▶ [Supplied information]
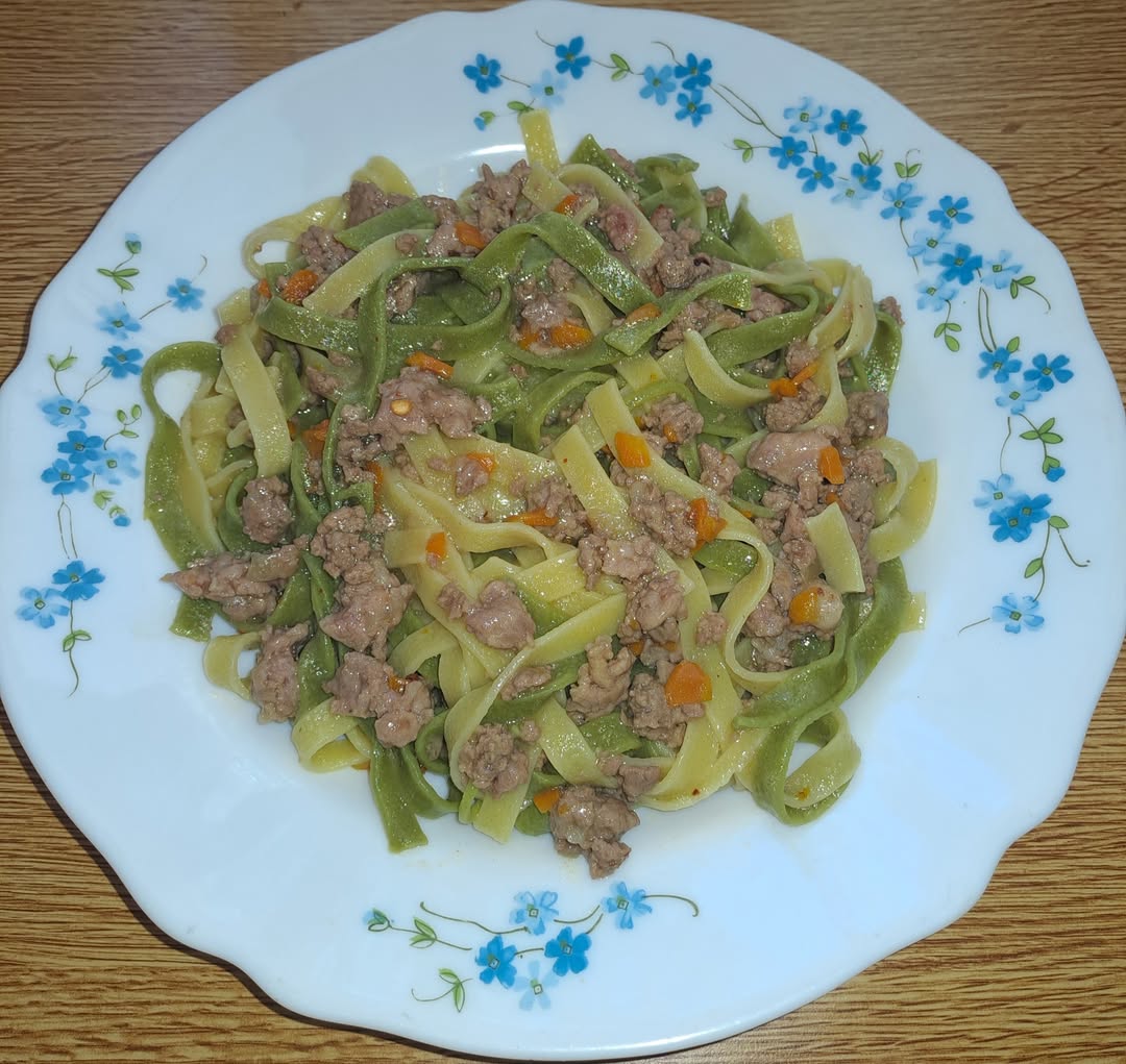 In una padella versare 3 cucchiai di olio e farvi rosolare carota e cipolla tritati finemente. Aggiungere le salsicce sbriciolate e il macinato. Dopo aver ben rosolato aggiungere mezzo bicchiere di vino bianco e continuare la cottura fino a che non si sia asciugato.
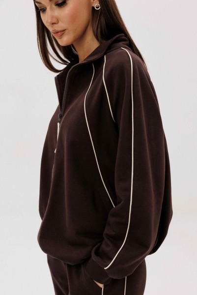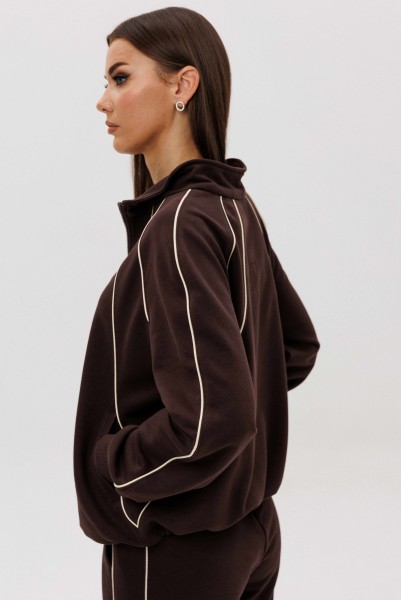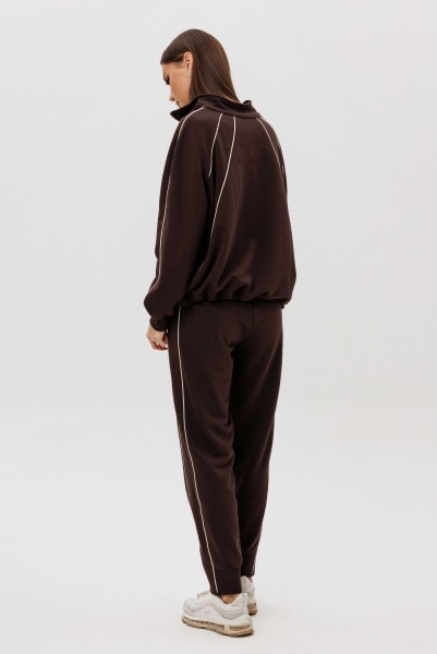 Джемпер покроя реглан с аккуратной стойкой и застёжкой-молнией украшен контрастными кантами, придающими образу динамику. Брюки со слегка зауженным силуэтом и манжетами по низу дополнены эластичным поясом для удобной посадки.
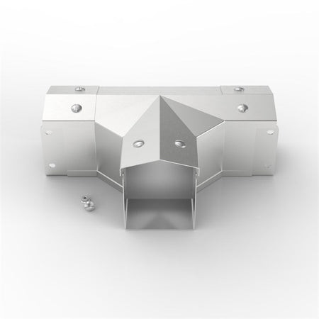 Electrix® 15° Apex 盖线槽 90° 角板三通采用 304 - V2A - 1.4301 不锈钢制成,用于在安装过程中改变方向,并为线槽布线提供额外的出口。

▶ [Your objective]
Your answer must be an exact copy of the lines from the one with "Джемпер покроя реглан" through the final line of the data, both included, without any pictures.

▶ [Response area]
 Джемпер покроя реглан с аккуратной стойкой и застёжкой-молнией украшен контрастными кантами, придающими образу динамику. Брюки со слегка зауженным силуэтом и манжетами по низу дополнены эластичным поясом для удобной посадки.
 Electrix® 15° Apex 盖线槽 90° 角板三通采用 304 - V2A - 1.4301 不锈钢制成,用于在安装过程中改变方向,并为线槽布线提供额外的出口。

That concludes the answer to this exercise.